Your objective =
Start at the first line below and write out everything verbatim except the pictures.
***** Information provided *****
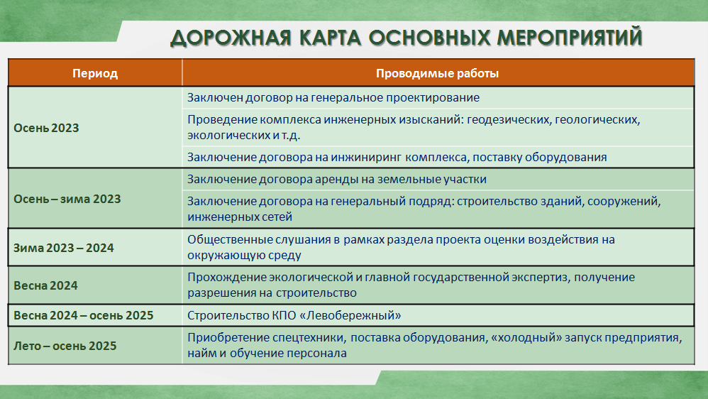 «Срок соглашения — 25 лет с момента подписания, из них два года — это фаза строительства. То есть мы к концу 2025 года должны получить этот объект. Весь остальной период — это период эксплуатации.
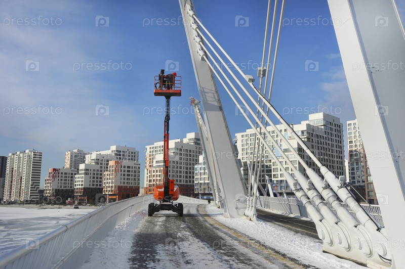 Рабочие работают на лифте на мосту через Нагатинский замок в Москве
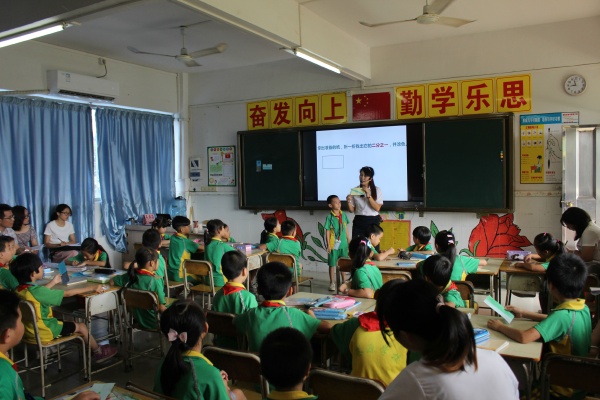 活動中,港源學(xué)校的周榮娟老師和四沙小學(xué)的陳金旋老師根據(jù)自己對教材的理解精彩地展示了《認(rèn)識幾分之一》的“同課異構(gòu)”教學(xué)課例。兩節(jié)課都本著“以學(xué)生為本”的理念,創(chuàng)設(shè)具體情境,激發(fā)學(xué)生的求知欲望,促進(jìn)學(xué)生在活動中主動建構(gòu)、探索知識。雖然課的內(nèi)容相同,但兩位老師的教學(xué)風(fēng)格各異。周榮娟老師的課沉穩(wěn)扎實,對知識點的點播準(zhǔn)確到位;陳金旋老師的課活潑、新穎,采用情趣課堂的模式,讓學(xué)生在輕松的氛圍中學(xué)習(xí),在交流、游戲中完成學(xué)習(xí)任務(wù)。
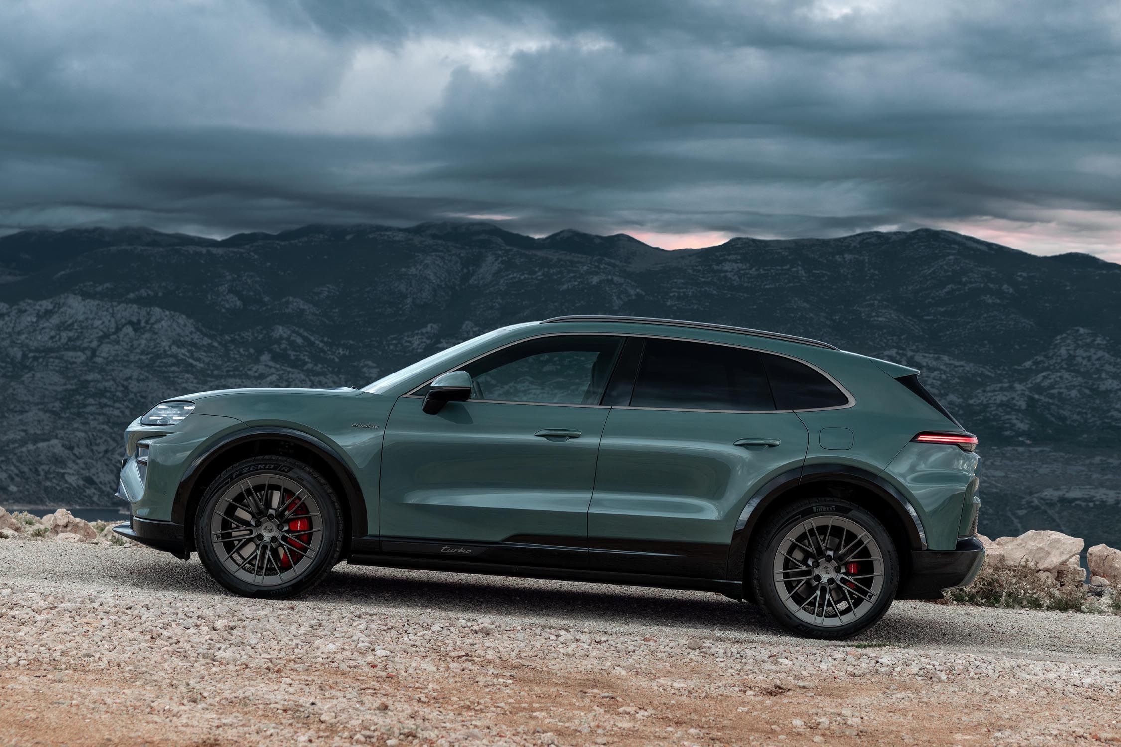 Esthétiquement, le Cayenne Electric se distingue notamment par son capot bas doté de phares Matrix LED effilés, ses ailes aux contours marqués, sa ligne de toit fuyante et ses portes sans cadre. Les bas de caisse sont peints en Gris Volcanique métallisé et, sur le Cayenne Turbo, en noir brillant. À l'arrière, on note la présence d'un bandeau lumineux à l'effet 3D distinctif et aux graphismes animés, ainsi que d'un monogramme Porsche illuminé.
*****
Written answer =
 «Срок соглашения — 25 лет с момента подписания, из них два года — это фаза строительства. То есть мы к концу 2025 года должны получить этот объект. Весь остальной период — это период эксплуатации.
 Рабочие работают на лифте на мосту через Нагатинский замок в Москве
 活動中,港源學(xué)校的周榮娟老師和四沙小學(xué)的陳金旋老師根據(jù)自己對教材的理解精彩地展示了《認(rèn)識幾分之一》的“同課異構(gòu)”教學(xué)課例。兩節(jié)課都本著“以學(xué)生為本”的理念,創(chuàng)設(shè)具體情境,激發(fā)學(xué)生的求知欲望,促進(jìn)學(xué)生在活動中主動建構(gòu)、探索知識。雖然課的內(nèi)容相同,但兩位老師的教學(xué)風(fēng)格各異。周榮娟老師的課沉穩(wěn)扎實,對知識點的點播準(zhǔn)確到位;陳金旋老師的課活潑、新穎,采用情趣課堂的模式,讓學(xué)生在輕松的氛圍中學(xué)習(xí),在交流、游戲中完成學(xué)習(xí)任務(wù)。
 Esthétiquement, le Cayenne Electric se distingue notamment par son capot bas doté de phares Matrix LED effilés, ses ailes aux contours marqués, sa ligne de toit fuyante et ses portes sans cadre. Les bas de caisse sont peints en Gris Volcanique métallisé et, sur le Cayenne Turbo, en noir brillant. À l'arrière, on note la présence d'un bandeau lumineux à l'effet 3D distinctif et aux graphismes animés, ainsi que d'un monogramme Porsche illuminé.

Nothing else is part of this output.